Jamie Wong

Personal information
- Born: 3 November 1995 (age 30) Vancouver, Canada

Sport
- Sport: Field hockey
- Position: Defender/Midfielder

Senior career
- Years: Team / Caps / Goals
- 2012–2014: Gordonians / - / -
- 2014–2017: Edinburgh Univ / - / -
- 2017–2018: Qui Vive / - / -
- 2018–2019: HC Klein Zwitserland / - / -

National team
- Years: Team / Caps / Goals
- 2015–2019: Scotland / 36 / -

Medal record
Representing Scotland
European Championship II
| Gold medal – first place | 2017 Glasgow | Team |

= Jamie Wong (field hockey) =

Scottish field hockey player

Jamie Wong (born 3 November 1995) is a Scottish field hockey player who has represented Scotland at the 2018 Commonwealth Games.

== Biography ==
Wong was born in Vancouver, Canada, and was educated at Compton Primary and Robert Gordon's College. He studied Chemical Engineering at the University of Edinburgh and Sustainable Development at the Delft University of Technology.
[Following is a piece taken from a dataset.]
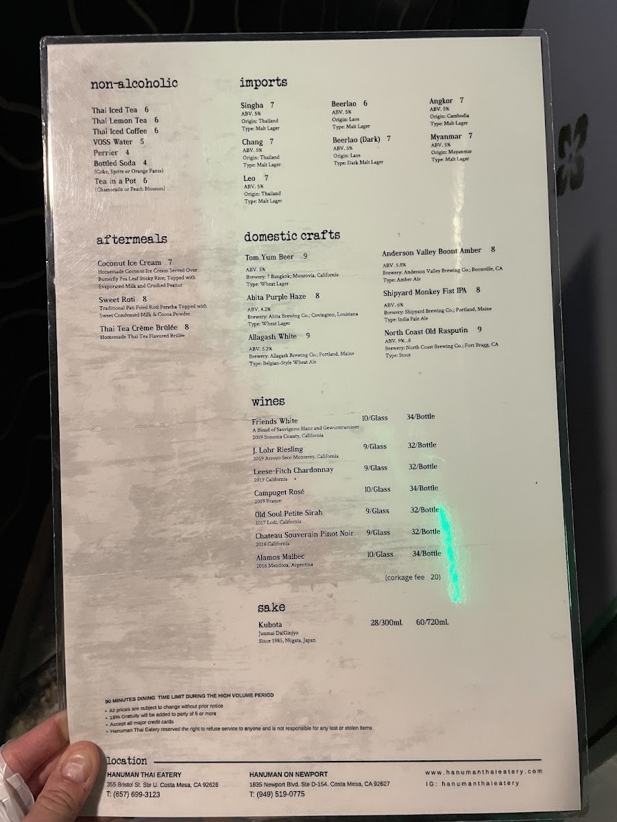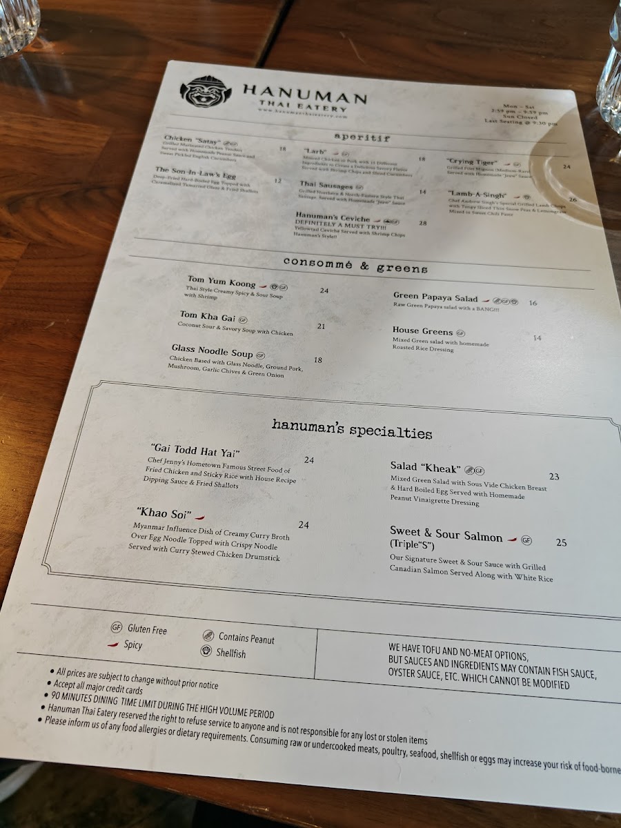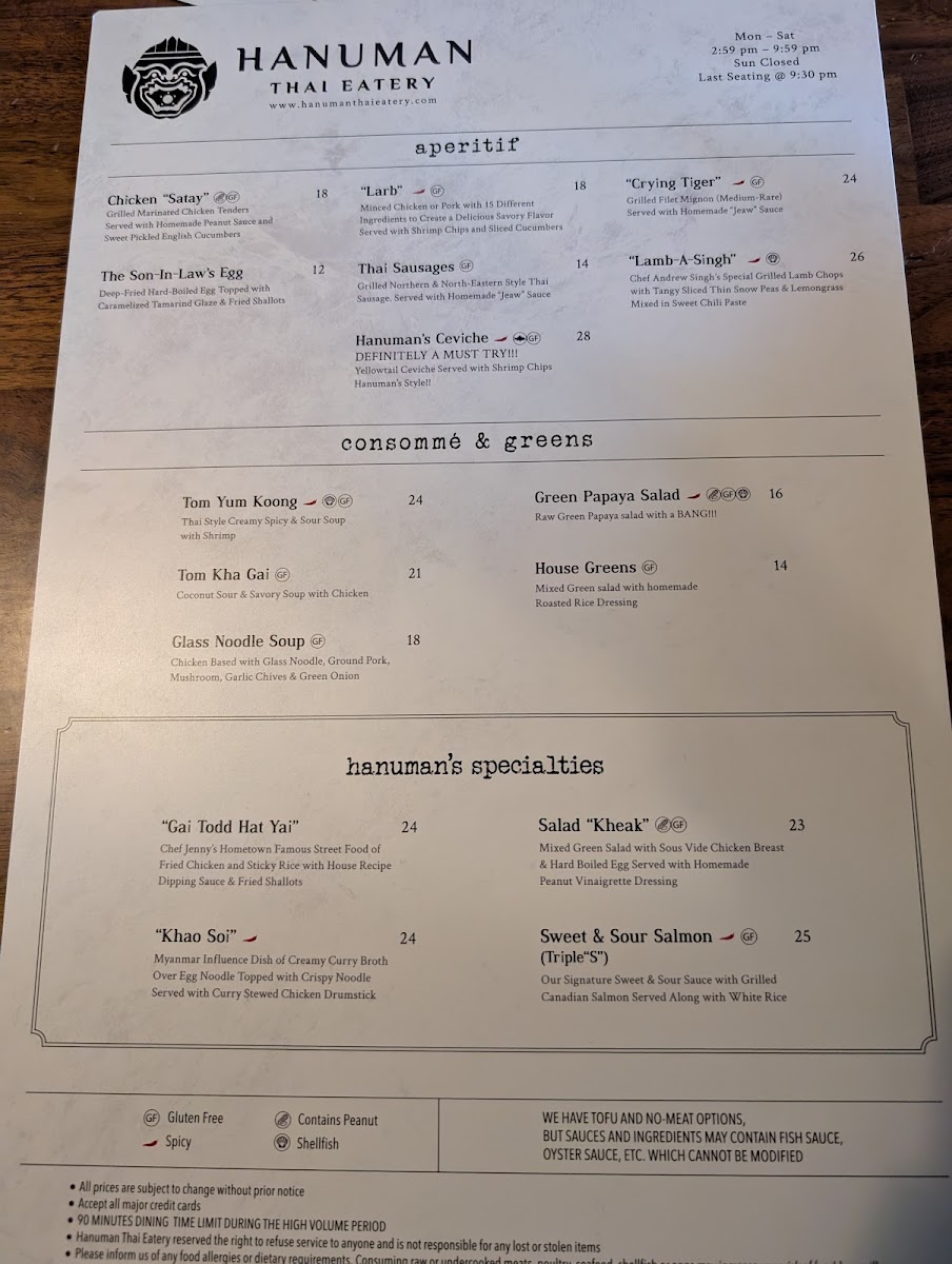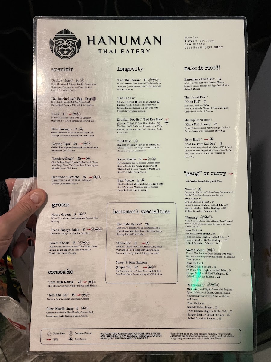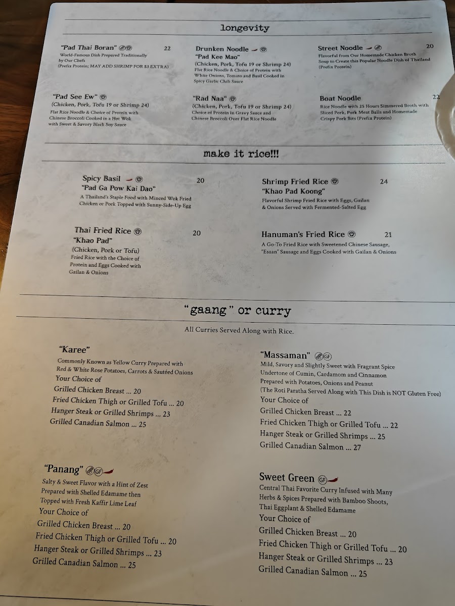 Hanuman Thai Eatery offers a diverse and vibrant menu, perfect for those seeking an authentic Thai dining experience. The "Make It Rice" section features comforting options like Hanuman's Fried Rice and Thai Fried Rice "Khao Pad", with the addition of Shrimp Fried Rice / Khao Pad Koong for seafood lovers. For those craving something spicier, Spicy Basil / Pad Ga Pow Kai Dao delivers a bold flavor. The greens section includes refreshing options such as Salad Kheak and the tangy Green Papaya Salad, offering a nice balance to the rich dishes. When it comes to soups, Tom Yum Koong and Tom Kha Gai provide the perfect balance of heat and creaminess, while Glass Noodle Soup is a lighter alternative. The curry selection includes favorites like Sweet Green, Karee, and Massaman Panang, each packed with aromatic spices. If you're looking for an appetizer, the Hanuman's Ceviche and Crying Tiger are a great choice, alongside LarbChicken Satay for a satisfying start to your meal. The restaurant also highlights unique specialties such as Gai Todd Hat Yai and the flavorful Sweet & Sour Salmon (Triple "S"), while Khao Soi is a standout for those craving a noodle dish. For sides, White Rice, Roti, and Sticky Rice complement the main dishes, while the Longevity section features hearty options like Pad See Ew and Pad Thai Boran. Don’t forget to pair your meal with a refreshing drink, whether it's a Fanta or Coke, rounding out a truly flavorful experience at Hanuman Thai Eatery.
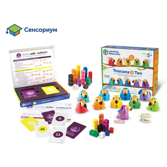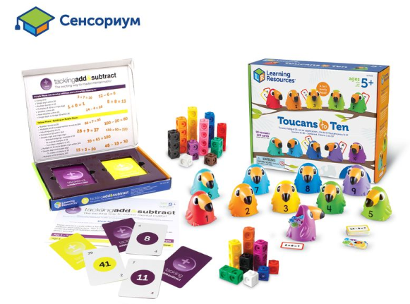Соединяющиеся кубики «Математические связи» — уникальный конструктор, который помогает наглядно понять принцип числовых операций: сложение, вычитание, умножение, деление, дроби, симметрия и другие. С помощью кубиков можно моделировать примеры или строить объёмные геометрические фигуры. «Считаем с туканами» — игра на скорость и внимательность. Нужно вытащить карточку с примером, решить его и быстрее других спрятать ответ в «пёрышках» птицы с подходящей цифрой. В наборе 10 пронумерованных туканов и 120 карточек. Материалы разработаны с учётом возрастных особенностей дошкольников и соответствуют требованиям ФГОС ДО, СанПиН и ГОСТ.

Wong played club hockey for Gordonians Hockey Club in the Scottish Hockey Premiership before going to university. While at University he played for Edinburgh University Hockey Club and won a gold medal with Scotland at the 2017 Men's EuroHockey Championship II in Glasgow.

He then moved to study in the Netherlands, living in Amsterdam and playing hockey for the Qui Vive Hockey Club and then HC Klein Zwitserland.

He participated in the Commonwealth Games hockey tournament at the 2018 Commonwealth Games in Gold Coast, Australia.